The power management integrated circuit 560 including the gate clock modulation circuit 562 may change a start time point and an end time point of the gate clock signal GCLK, but may further include a switch (not illustrated), a multiplexer (not illustrated), a logic circuit (not illustrated), etc. to change together the waveform, cycle, operating time and signal level of the gate clock signal GCLK.


The gate clock modulation circuit 562 may include a plurality of signal lines for changing the timing of an input signal, and may change the timing of the input signal by randomly connecting one of the signal lines to an input port which receives the on clock signal ON_CLK or the off clock signal OFF_CLK. For example, when the gate clock modulation circuit 562 is a delay circuit which delays the timing of an input signal, each signal line may be a delay signal line which delays and outputs the input signal, and in this case, the on clock signal ON_CLK or the off clock signal OFF_CLK which is transferred to the input port of the delay circuit may be outputted by being delayed by a preset time.


The gate clock modulation circuit 562 may further include a multiplexer (not illustrated) or a demultiplexer (not illustrated) which outputs or receives an external control signal, for example, a control signal generated by a timing controller or a microcontroller unit, by randomly selecting at least one among a plurality of signal lines.


The random operation in the gate clock modulation circuit 562 may be an operation according to a sequence defined by a preset lookup table (LUT) or a lookup table (LUT) to be updated or an operation according to a sequence changed in real time according to an external control signal, for example, a control signal generated by the timing controller or the microcontroller unit, but the present disclosure is not limited thereto.


In addition, as long as the random operation in the gate clock modulation circuit 562 can induce the randomness of the output frequency of a gate driving circuit through the change of the input/output timing of the gate clock signal GCLK, various patterns of operations may be adopted.
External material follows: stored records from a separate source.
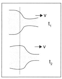 екі уақыт мезетіндегі пульсті толқынның таралуының профильді кескіні 6-шы суретте көрсетілген.
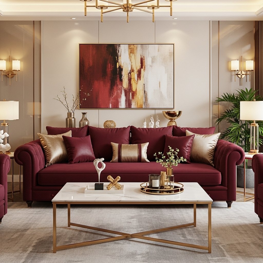Dark red pairs well with neutral colors like white, beige, gray, and black. It also looks great with gold or wooden tones for a more elegant style. These combinations help balance the strong red color and make the room look more modern and attractive.
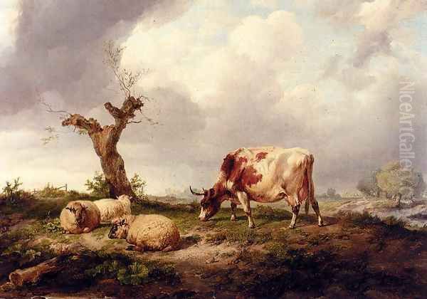 A Cow With Sheep In A Landscape
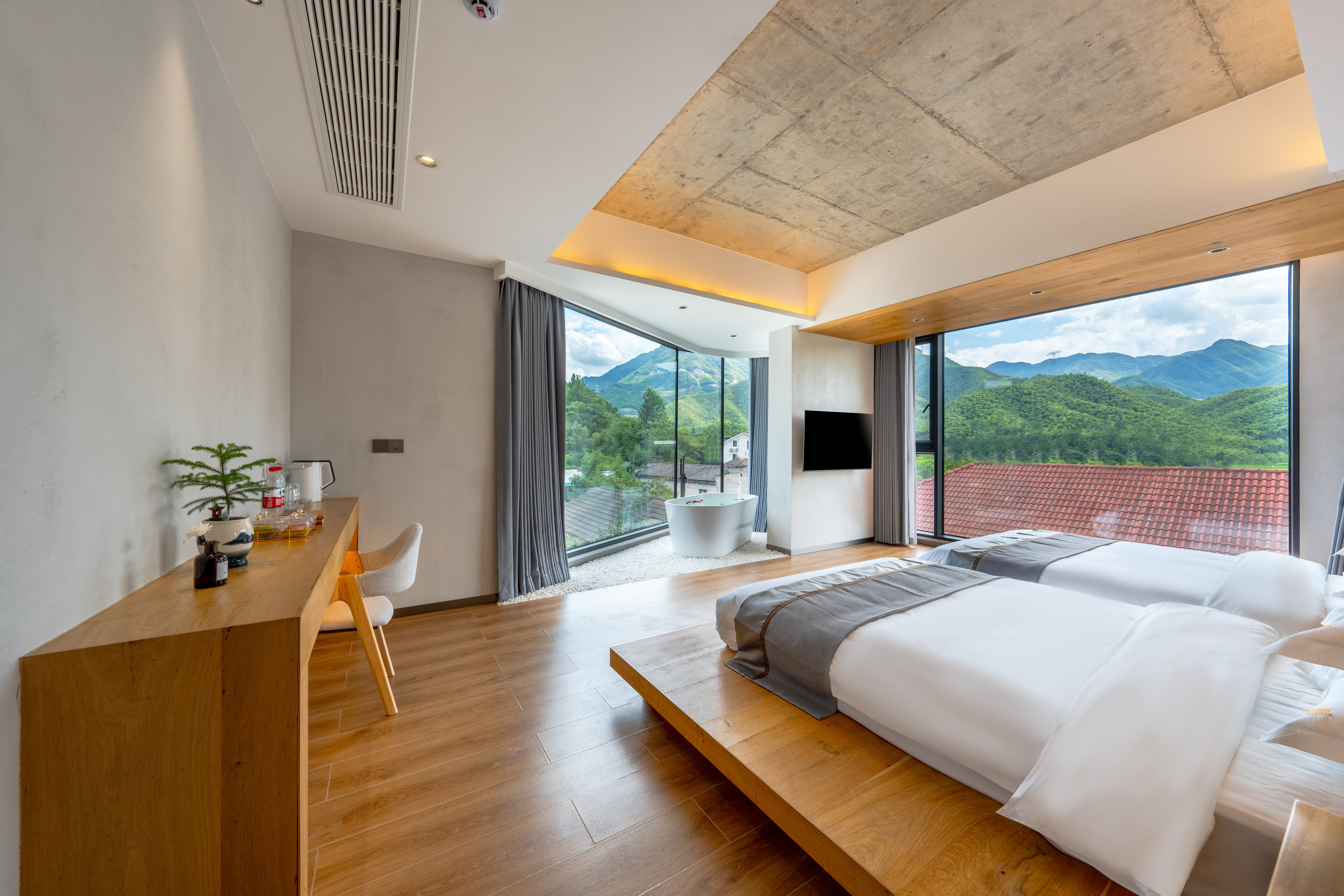 竹語·山隱大床房+超大落地窗+智能客控+浴缸
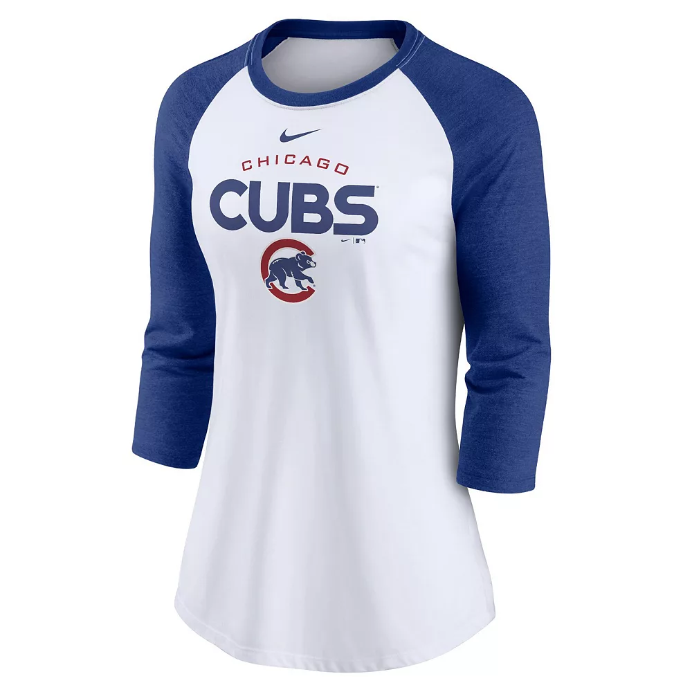 Bring attention to your Chicago Cubs fandom in this Modern Baseball Arch 3/4-Sleeve T-shirt from Nike. It features a vibrant colorway that highlights the Chicago Cubs graphics printed on super-soft tri-blend material. The contrasting raglan sleeves also provide some extra room for optimal arm movement.
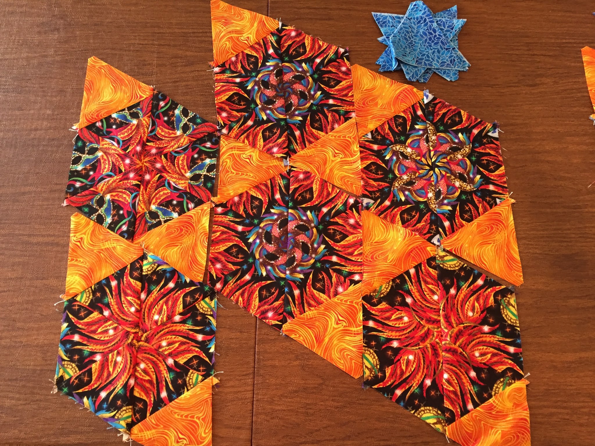 This hexagon quilt layout had gotten complicated enough for me that as well as space on my design wall (post dated 8/10/20), it had expanded to invade space on the dining room table. Now it has taken over the surface of the king size bed in the guest room. The quilt will have four columns in pink, purple, blue, and teal with bands of orange at the top and bottom. I assembly-style continued to chain piece the parallelograms formed by adding diagonal triangles to the hexagons for each of the five colors.
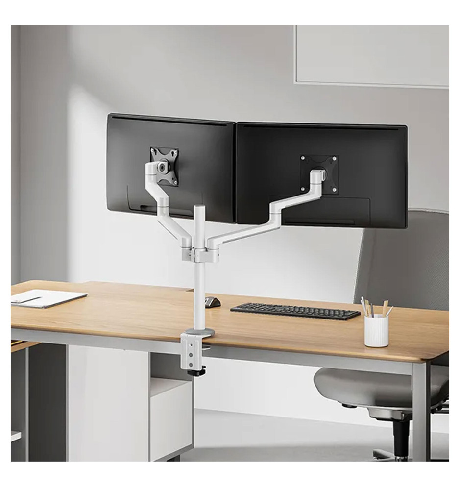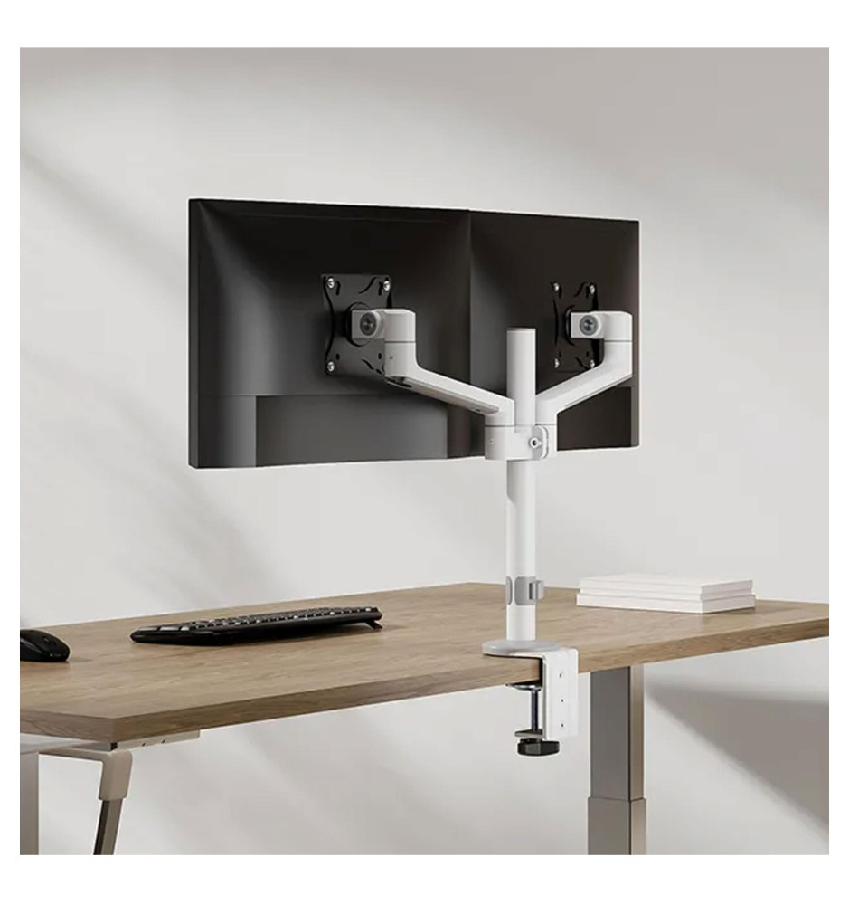 Solidny i funkcjonalny uchwyt umożliwiający wygodną pracę z dwoma monitorami przy biurku. Zalecana rozdzielczość ekranu, z której wygodnie można korzystać wynosi między 17", a 27".

By repeatedly performing the random operation in the gate clock modulation circuit 562 at an interval equal to or corresponding to a preset multiple of, for example, two times or three times, the generation cycle of the gate clock signal GCLK generated by the gate clock generation circuit 561, it is possible to balance the degree of change in operating frequency and the amount of use of an internal memory.



FIG. 12 is a third exemplary diagram for explaining various embodiments of the power management integrated circuit in accordance with the embodiment.


Referring to FIG. 12, a power management integrated circuit 660 may include a gate clock generation circuit 661 and a gate clock modulation circuit 662.


The gate clock generation circuit 661 may generate a plurality of gate clock signals GCLK by receiving an on clock signal ON_CLK which defines the output start timing of a gate driving circuit and an off clock signal OFF_CLK which defines the output end timing of the gate driving circuit.


The gate clock modulation circuit 662 may be connected to the output terminal of the gate clock generation circuit 661, and thereby, may generate modulated gate clock signals GCLK′, for example, modulated first to fourth gate clock signals GCLK1′ to GCLK4′, by changing the rising timing or falling timing of the plurality of gate clock signals GCLK, for example, first to fourth gate clock signals GCLK1 to GCLK4.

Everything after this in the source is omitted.